Compression: Ratio higher, compression higher. Gain reduction... less??

Jonny, can you post the link to the article? I would like to read it to see exactly the math the author is talking about.

Thanks

Here are the quotes:

"Compression – or gain reduction, if you will – is measured in terms of a ratio of input volume to output volume. For example, a compression ratio of 2:1 (pronounced “two to one”) means that for every 2dB a signal rises above the threshold going into the compressor, only 1dB above the threshold will come out. Another way to think of it is to take the number of dBs a signal rises over the threshold on the input and divide that amount by the first figure in the compression ratio setting to get the number of dBs that signal will rise above the threshold after compression.

Let’s say that we have an incoming signal that peaks at 0dB. We have our threshold set to –12dB and our ratio set to 3:1. This means that the incoming signal peaks at 12dB over the set threshold. For every 3 of those 12dB going in, 1dB will come out, meaning that after the 3:1 compression, the signal will now peak at 4dB (12 divided by 3 equals 4) above the threshold, which means that our 0dB peak will now instead peak at –8dB."

(And further on he kinda returns to it...)

In the example we used to describe how gain reduction and compression ratios worked, we used an example that showed that a 0dB peak that went through a compressor set to 3:1 compression at a threshold of –12dB would come out compressed to a peak level of only –8dB, an 8dB reduction in gain.

Take that same example from the above paragraph. Now change the threshold setting from -12dB to –6dB. Now that same 0dB signal is only 6dB above the threshold value. So even though the compression ratio remains the same at 3:1, the compressor now takes those 6dB and divides them by 3 for an output gain of 2dB above threshold. This now puts the peak of the compressed signal at –4dB instead of –8dB.

And then further on again he just has me in a mental tangle, where he takes a statement by an audio engineer and shows why when someone says "I compress at 4:1" it means nothing without an idea of the threshold or the dynamic range etc...

“Vocal: a good starting place for a lead vocal is 4:1 ratio, medium attack and release, and a threshold set for about 4 to 6 dB of gain reduction.”

The engineer here is assuming that there actually is 4 to 6dB of reduction to be had from the vocal signal, and that 4 to 6 dB is the right amount for that particular vocal signal. He is making assumptions on the levels and dynamic range of the vocal signal. There can be much more or less, depending on the quality of the tracking.
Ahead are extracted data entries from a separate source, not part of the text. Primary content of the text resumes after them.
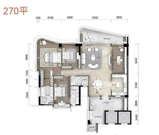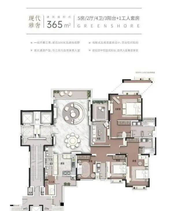 约365㎡5房双套房|2厅|4卫|3阳台+1工人套房
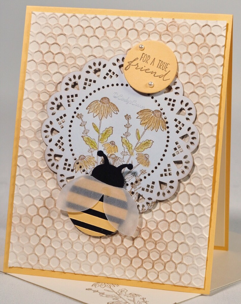 - Layer 1: 5 1/4 x 4 Very Vanilla Card ~ run thru the Cut and Emboss Machine with the Hive Embossing Folder
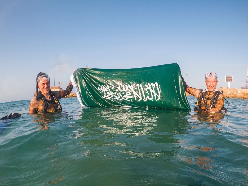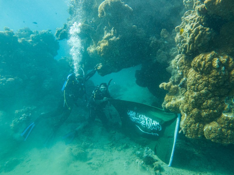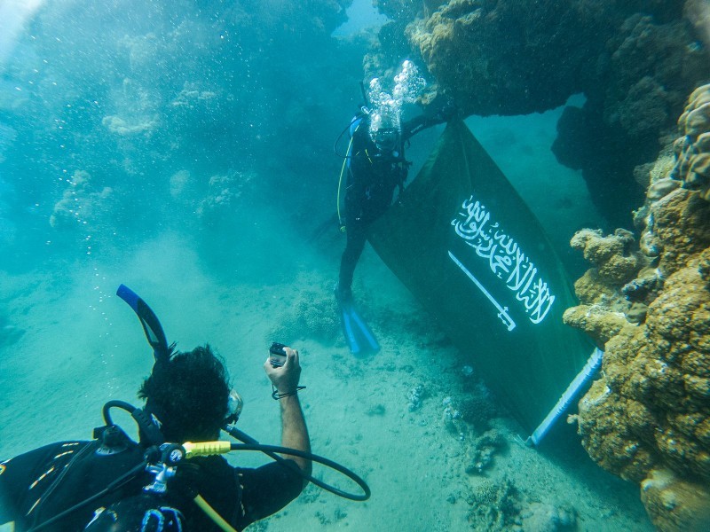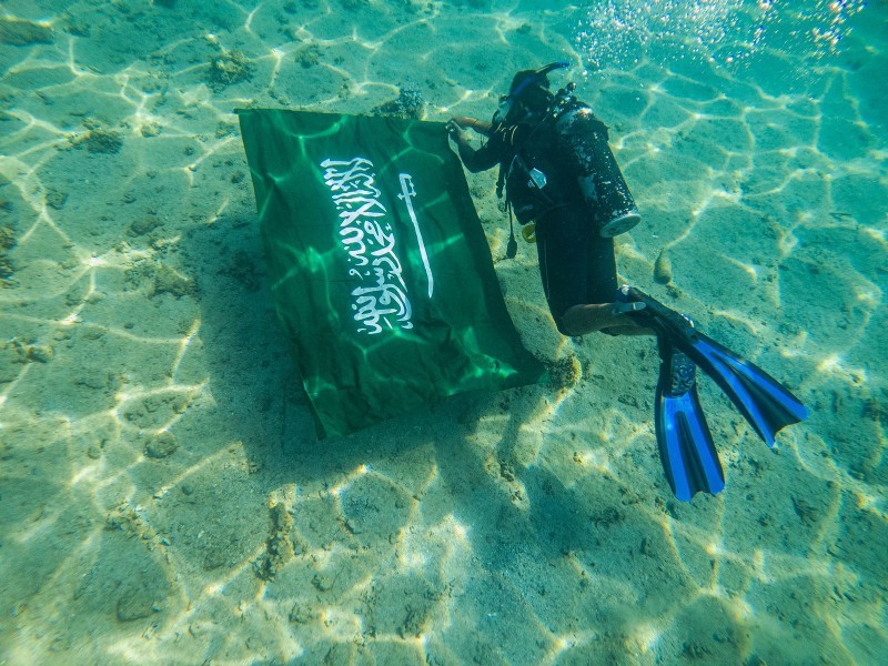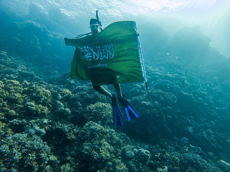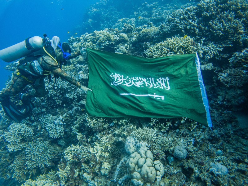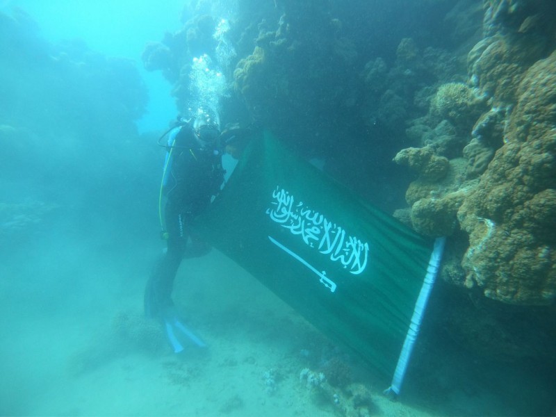 احتفى غواصو منطقة تبوك بمشاركة عدد من السياح الأجانب باليوم الوطني الـ91 من أعماق البحر الأحمر. وكانت عدسة «واس» وثقت هذه الاحتفالية بمنطقة زاعم بمحافظة الوجه.
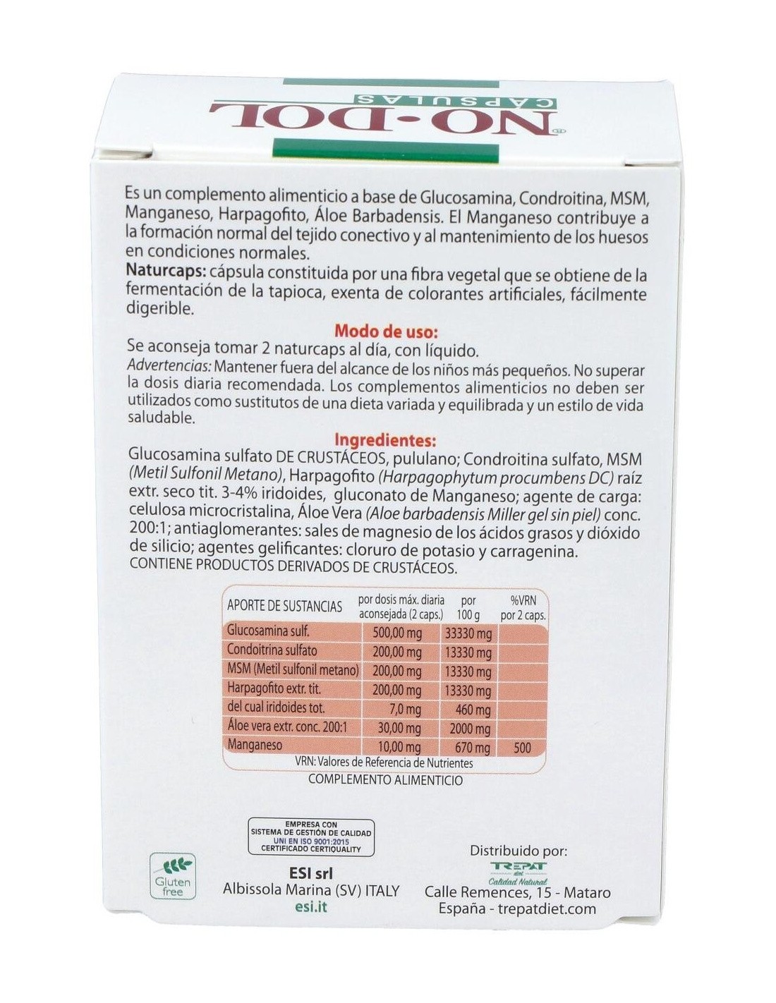 ¿Tienes el cartílago desgastado o sientes cómo tus articulaciones se debilitan? Las cápsulas NO DOL de ESI son un complemento alimenticio que ayuda a reducir los dolores articulares, así como también previene sus molestias y las mantiene fuertes. Indicado para tratar lesiones en los cartílagos o problemas articulares graves como artrosis, artritis o reumatismos.
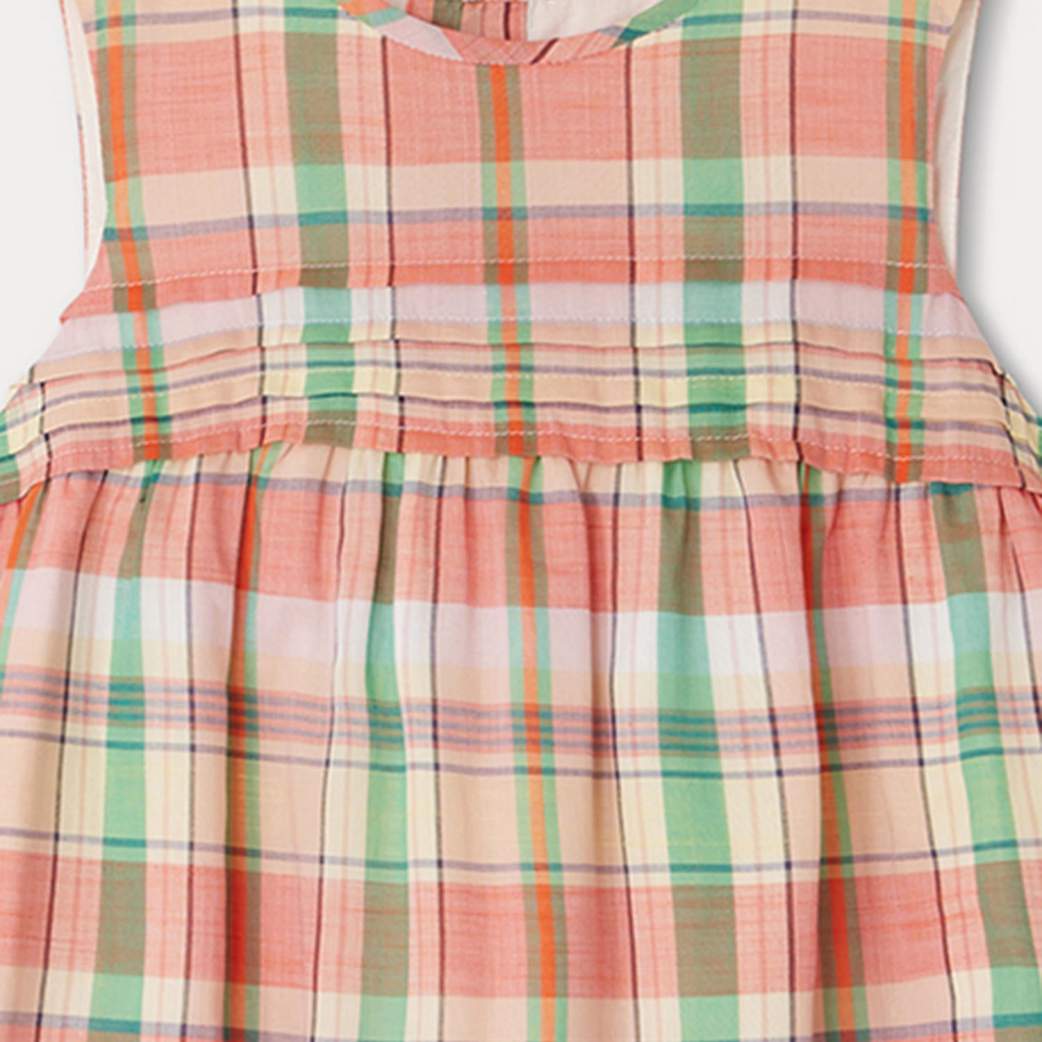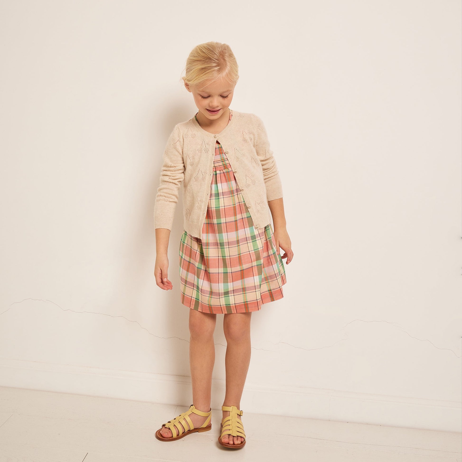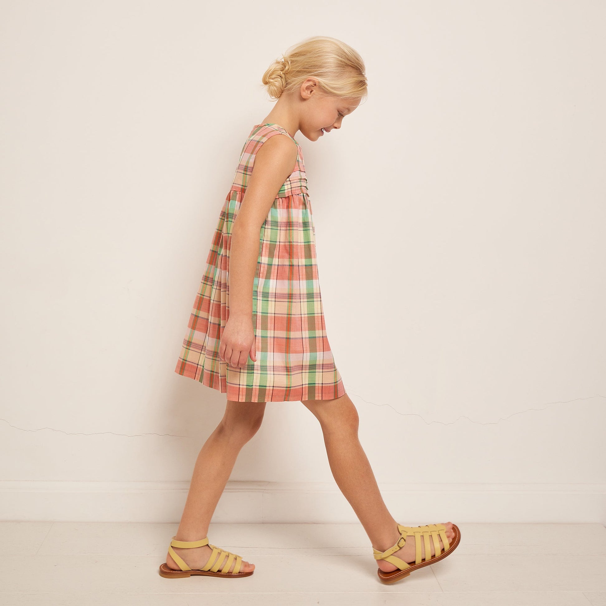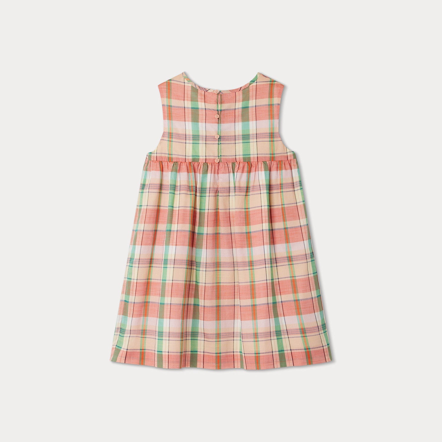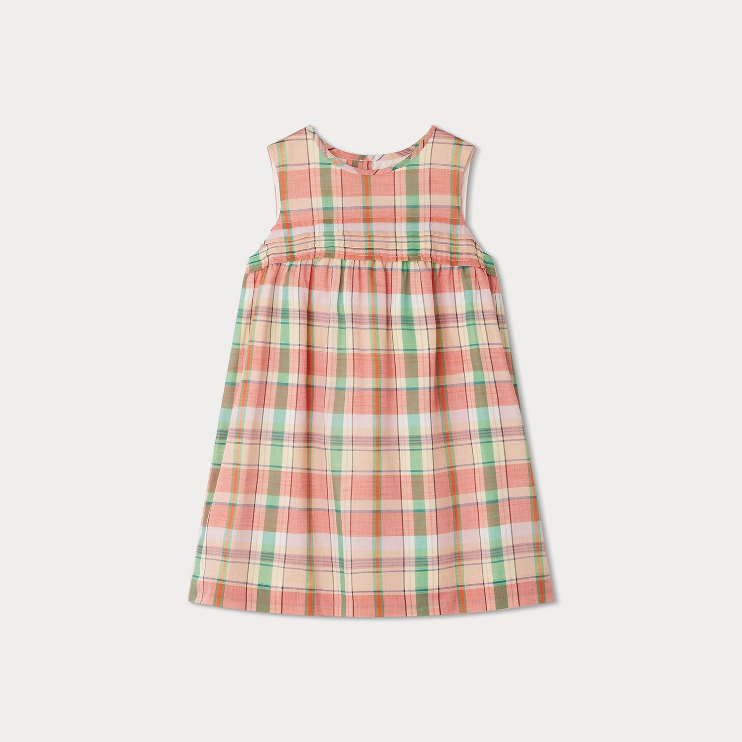 女童粉色格子棉连衣裙
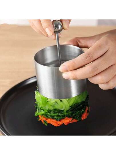不锈钢可调节蛋糕圈模具(带推杆)、慕斯蛋糕模具、挞圈、寿司模具、开胃菜摆盘模具、烘焙工具、厨房小工具、烹饪用具 - 彩色 - 查看 1
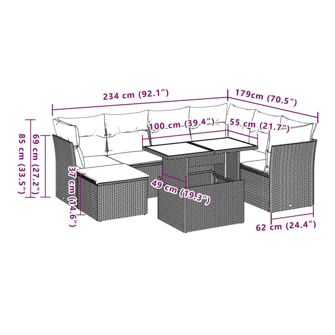 Cet ensemble de canapés de jardin est le complément parfait de votre arrière-cour, terrasse ou patio, offrant un espace confortable et accueillant pour discuter avec la famille et les amis ou simplement se détendre et profiter de l'extérieur. Matériau durable : la résine tressée, également connue sous le nom de poly rotin, est un matériau synthétique solide et nécessitant peu d'entretien qui ressemble au rotin naturel. Il est léger, facile à nettoyer et couramment utilisé pour les meubles d'extérieur en raison de sa durabilité et de ses propriétés de résistance aux intempéries.Dessus de table réglable : le dessus de table peut être soulevé pour rendre la table plus haute, ce qui transforme la table d'extérieur d'une table basse à une table de salle à manger. Elle est parfaite pour recevoir des invités ou prendre des repas à l'extérieur.Expérience d'assise confortable : ce mobilier d'extérieur, doté de coussins épais, offre une expérience d'assise confortable.Housse amovible et lavable : ces coussins de siège sont dotés de housses amovibles pour un lavage et un entretien faciles.Conception modulaire : cet ensemble de meubles d'extérieur a une conception modulaire, ce qui le rend complètement flexible et facile à déplacer, afin que vous puissiez créer un agencement de meubles d'extérieur personnalisé. Bon à savoir :Pour que vos meubles d'extérieur restent beaux, nous vous recommandons de les protéger avec une housse imperméable.
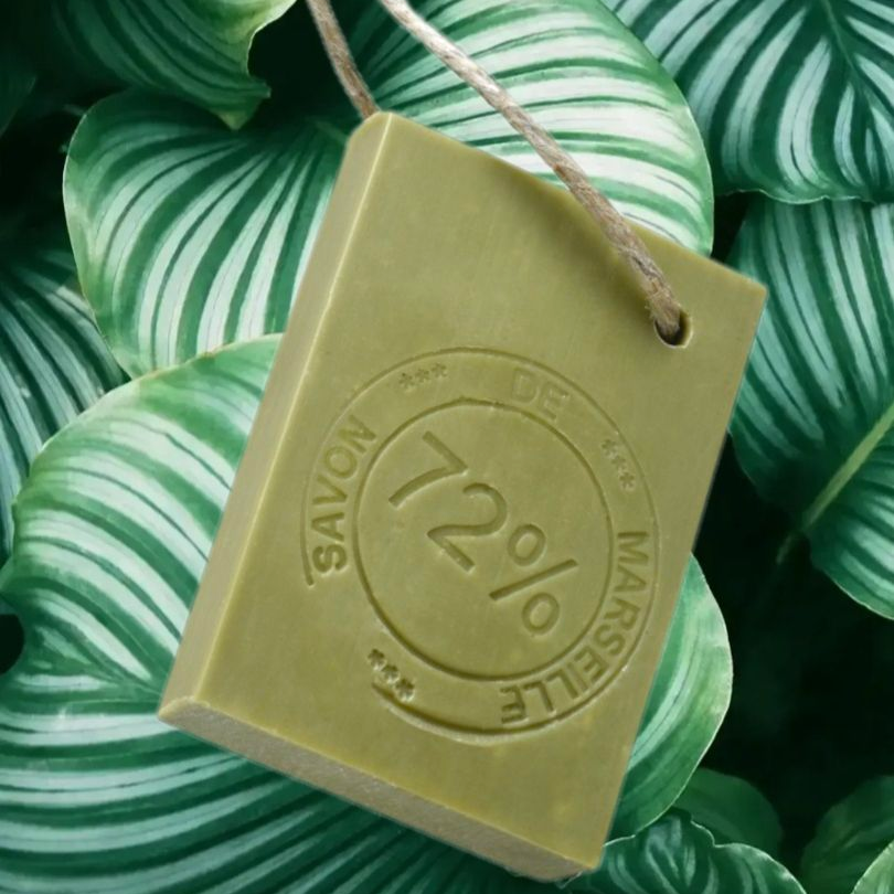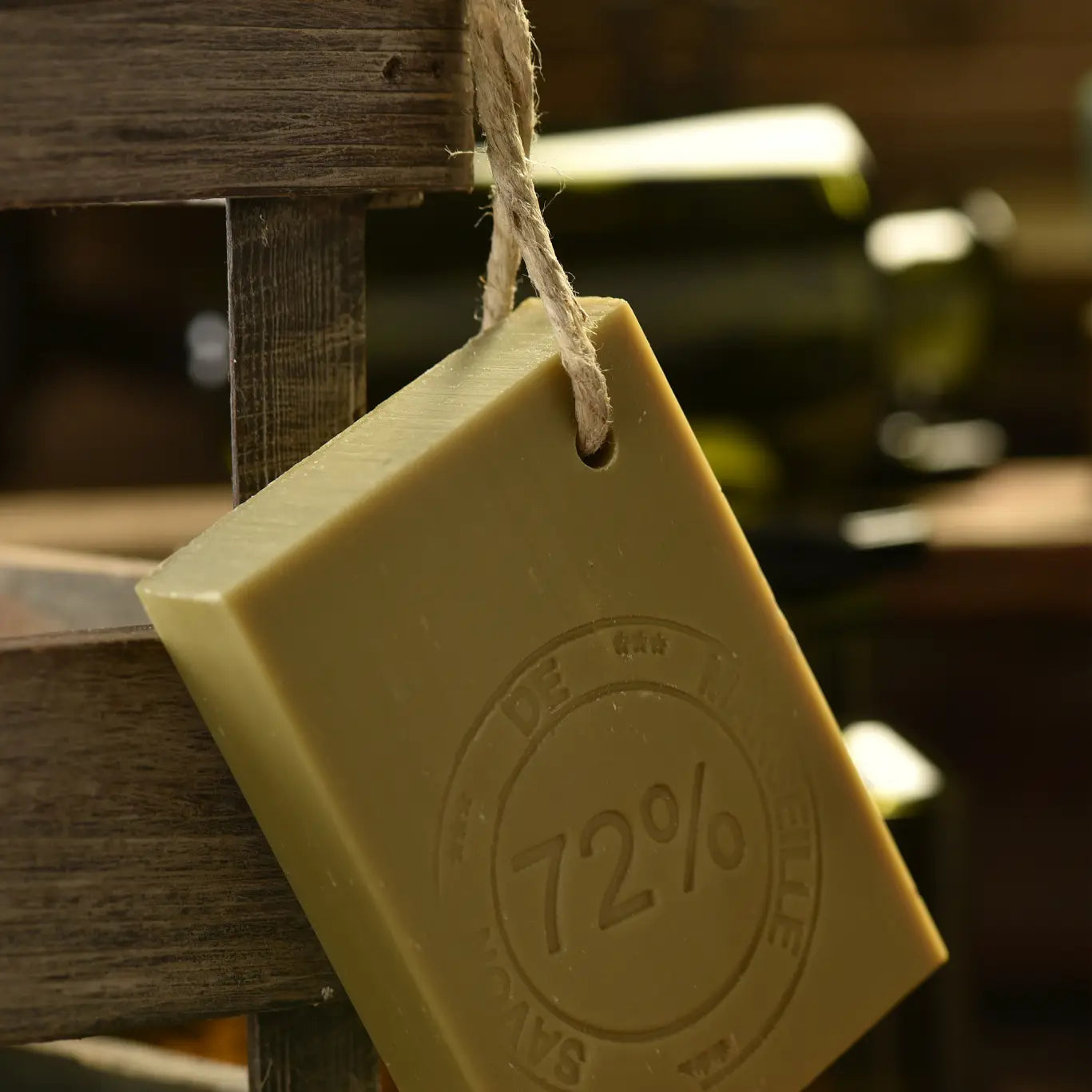Handmade Artisanal Traditional Marseille Olive Oil Soap on a Rope. Crafted with nourishing olive oil, this authentic Marseille soap offers a gentle cleanse while embracing a zero-waste lifestyle. Presented without packaging, it’s a sustainable choice for everyday care.
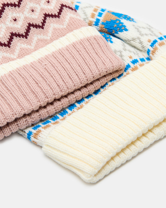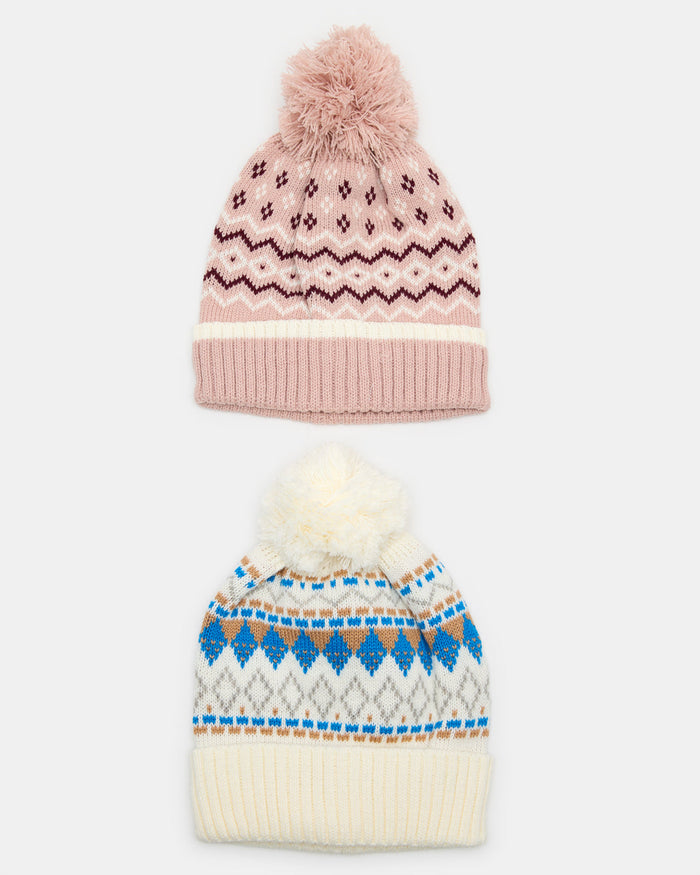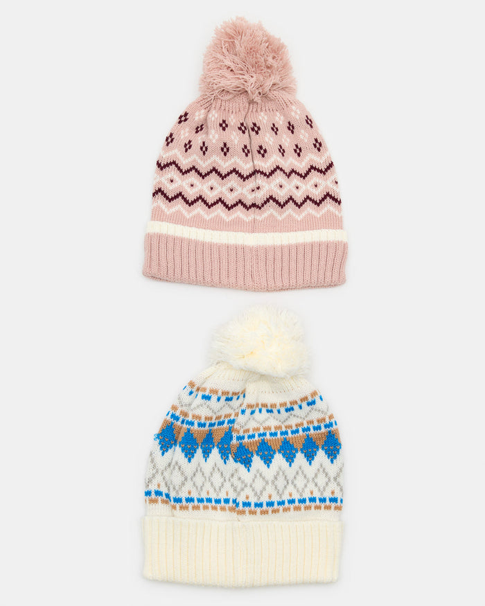 Women Pink And Cream Knitted Cap Set (2 Piece)

The properties of an average input signal from most of us can vary greatly from those that the pro mixing engineer is used to dealing with. These properties have an important effect on the math as well. Let’s go back to the original compressor settings of 3:1 compression with a threshold of –12dB. But let’s say that the input signal peaks at –3dB instead of 0dB. Now the peak rises only 9dB above the threshold. After compression, the output signal will peak at –9dB and not the –8dB of the original example. Now, 1dB difference may not seem like much, but look at it in terms of the difference in overall dynamic change. In the original example, the peak was compressed from 0dB to –8dB, an 8dB difference. In the second example the peak was compressed from –3dB to –9dB, a 6dB difference. There is a difference of 2dB in the amount of overall dynamic compression between the two. This 2dB can be very significant in the average (RMS) volume of the signal – especially when you start summing tracks together – and therefore they make just as significant of a difference in the perceived loudness of the recording.

Add the two variables of threshold and signal strength together and in this case we could have a compression result that can vary by a total of 6dB or more for a single, common compression ratio. In the digital realm, where we’d be talking digital 6dB, that’s a doubling or halving of your volume, depending on whether you’re going 6dB up or 6dB down.

This is why the engineer in that quote makes a point of saying that one must adjust the settings to achieve a certain amount of gain reduction, not that the settings are rigid. In this case they say to adjust the threshold, but in reality one could keep the threshold setting rigid and vary the compression ratio instead, and still wind up with the same amount of reduction. In fact, adjusting ratio instead of threshold is preferred when your threshold gets dangerously close to the part of the signal you don’t want to compress.

Yep, you got it. It's just hasn't quite clicked.

He covers it here:

In the example we used to describe how gain reduction and compression ratios worked, we used an example that showed that a 0dB peak that went through a compressor set to 3:1 compression at a threshold of –12dB would come out compressed to a peak level of only –8dB, an 8dB reduction in gain.

The signal at 0db is 12db over the threshold, divide by 3 and you get 4db over the threshold.The signal out is -8db (-12db plus 4). That's a gain reduction of 8db.

Brett

So I guess if you knew what sort of dynamic range you wanted, all you need to do is set your threshold and 'backwards calc' to get your ratio (or a starting point anyway)

Depends. Most people will go for "ballpark" settings for ratio, attack and release (from experience) and then adjust the threshold until they'll see (or better hear) the desired gain reduction. That's why the gain reduction meter is so important on a compressor. Then tweak attack/release/knee, rinse and repeat until it's right and finally adjust make-up gain (if at all). At least that's how I'm doing it...

werner